The term "ceiling" can refer to an upper boundary of a room. Room ceilings are not necessarily but typically horizontally aligned. They can be formed by plastered masonry, panels, stretched textile materials, metals or the like. The room ceiling can be the ceiling of a closed or open room.

The term “stream of visible light”, which is also referred to here simply as “luminous flux” or “beam”, refers to visible light that is emitted by the light emitter. The luminous flux or beam can be a bundle of rays, a bundle of rays being understood to mean a number of light rays which run exactly or approximately parallel to one another or also predominantly in a similar direction. In particular, the luminous flux can also have an angle of spread, as typically occurs with point light sources.

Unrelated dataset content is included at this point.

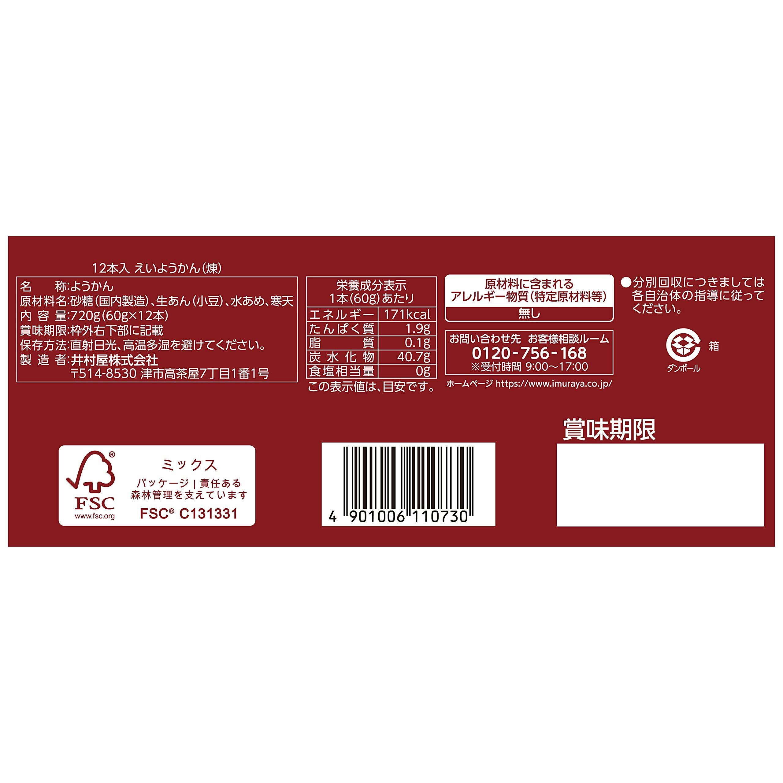 井村屋 えいようかん60g×12本入 受取らくらくポストインタイプ 【長期保存可能】 【非常食】 【備蓄用】 【カロリー補給】

The fact that the light emitter according to the invention is designed to define a light distribution curve of the light generated by the illuminant for generating the luminaire object on the ceiling enables targeted illumination to be achieved in an efficient manner. In particular, the generated luminaire object can specifically illuminate a workplace on the ceiling. In this context, the term "workplace" can refer to a typically horizontal or quasi-horizontal surface on which certain activities are carried out. For example, the workplace can be a table surface and in particular one Surface of an office or desk. Or it can be an area of a room with or without one or more tables. For example, it can comprise a flexibly assembled group of desks, such as is assembled, for example, for collaboration in a project. It can also only be part of a table such as a conference table in a meeting room. In this context, the term "targeted illumination" can refer to the generation of a preferred LID by the luminaire object, that is to say a luminaire object LID. In particular, the workplace should be sufficiently illuminated and glare should be avoided. The targeted illumination does not create illumination of the workplace via basic lighting in the room, but rather specific illumination of the workplace that is independent of the basic lighting. Typically, the illumination of the workplace differs from the general lighting of the room. For example, the workplace should often be lit brighter to allow comfortable reading and writing or working.

The light emitter makes it possible to use the luminaire object to create a virtual luminaire or a dematerialized luminaire on the ceiling of the room. The quality of the ceiling can be included. In connection with the room ceiling, the term "texture" can relate to a composition of the room ceiling, its color, texture or the like. In particular, the nature of the ceiling can define its reflection properties and its radiation characteristics. The ceiling of the room can be designed in various ways in order to be suitable for producing the luminaire object. For example, the room ceiling can be a mirror ceiling or contain mirrors. With such a ceiling, the luminous flux can be used relatively directly and unchanged to generate the luminaire object, so that the luminaire object itself can emit a directed luminous flux. Or the ceiling of the room can be equipped with a lime plaster, which enables the creation of a luminaire object that emits comparatively diffuse light.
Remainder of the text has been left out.